20:12 video release party at Casselman's offers slightly different hip-hop experience
07.30.10 | Casselman's Bar and Venue
Maybe it was the free vodka. Or maybe it was the hundreds of ladies dressed to the nines. Or perhaps it was the unmistakable family vibe. Hard to say. Whatever it was, though, 20:12's release party at Casselman's on Friday night came off as something different all together. For starters, you couldn't help but notice how the numbers swayed noticeably in favor of the fairer sex; there were far more ladies on hand than at most local hip-hop shows.
The crowd was already generous by 9 p.m., and Casselman's intimate ambiance, with its dark tables romantically lit by candlelight, set the vibe for the evening. As each act did their thing on stage, they were accompanied by an entourage of hypeman and, to balance that out, plenty of scantily clad ladies.
The show started with King Devious -- though it was hard to tell the King from his court, as he was joined on stage by an abundance of other MCs and/or hypemen. Despite the fact that the mikes squealed incessantly throughout the set, the group managed to keep the crowd's attention with autotuned hooks and plenty of energy. And the lovely ladies dancing erotically in the background did their part to make sure all eyes remained forward.

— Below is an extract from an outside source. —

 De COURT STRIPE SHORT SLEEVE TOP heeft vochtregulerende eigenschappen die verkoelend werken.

D A Dubb took the stage next, and again, there were so many bodies on stage, it was hard to know who was who. Everybody danced in sync with one another as though they were following a choreographed routine. Like some sort of hip-hop pied pipers, the group had all the ladies dancing in a trance-like fashion. A highlight of this set was Mike D. Chill's performance. Get Some Entertainment's provided a segue into the next act, but their set was unorganized and delivered in a mostly mixtape style over "borrowed" beats.

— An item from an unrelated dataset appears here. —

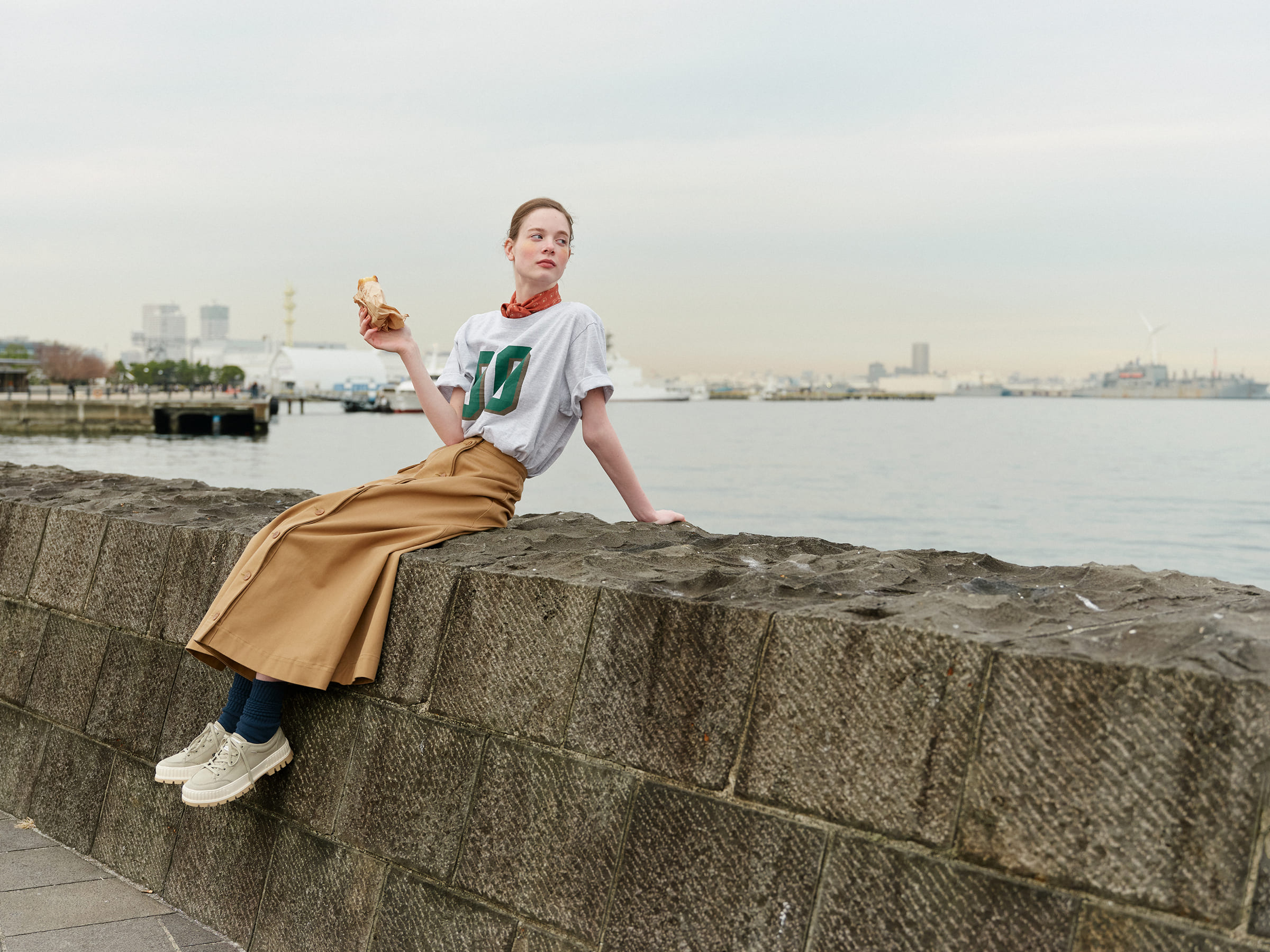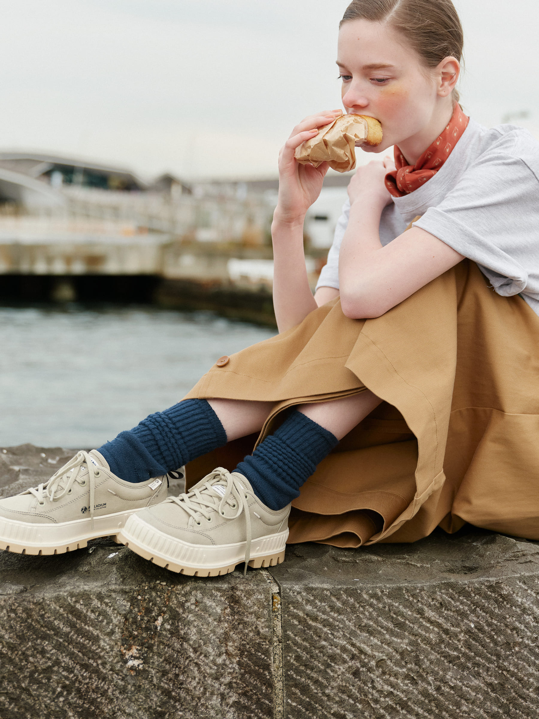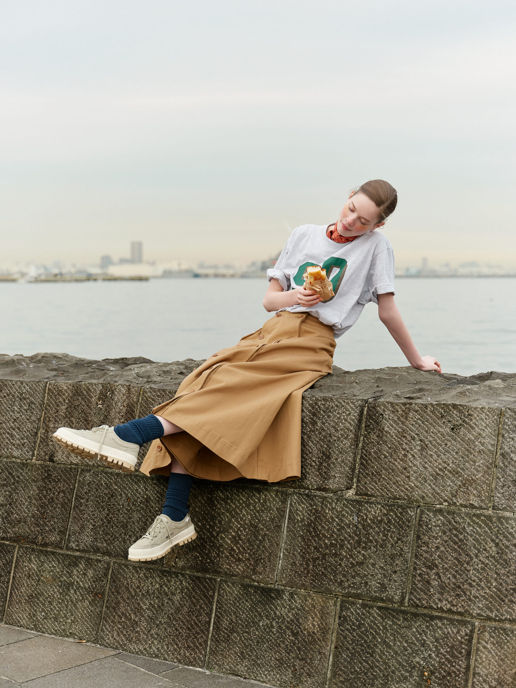 そんなエコロジーなアイテムを夏コーデの足元に採用。愛らしいフォルムと厚底ソールが特徴のスニーカーは、プリントTシャツやチノ素材など、カジュアルなアイテムとの相性も◎。シルクスカーフとマキシ丈のスカートを選べば、カジュアルでも、女性らしい品のよさをキープできます。

Hypnautic and King Tef, who were up next, clearly know how to work a crowd. During their set, all heads were facing forward and asses were shaking, as the two weaved through their familiar tracks. The lyrics were cloaked in Top 40 beats and hooks that inspired chants from the crowd. Whatever the duo lack in lyrical creativity, they more than make up for with their ability to connect with a crowd.
Spoke In Wordz followed and started things off smooth with acoustic accompaniment from singer/guitarist Arkhightek. Spoke seamlessly transitioned from clear and soothing flow over an acoustic to a hard, Eminem-esque style delivery. Plagued with turntable issues, DJ
Chonz Psycho worked feverishly to fix whatever problems he encountered, as Spoke and DJ R² beatboxed their way out of a bind, making for a very entertaining interlude.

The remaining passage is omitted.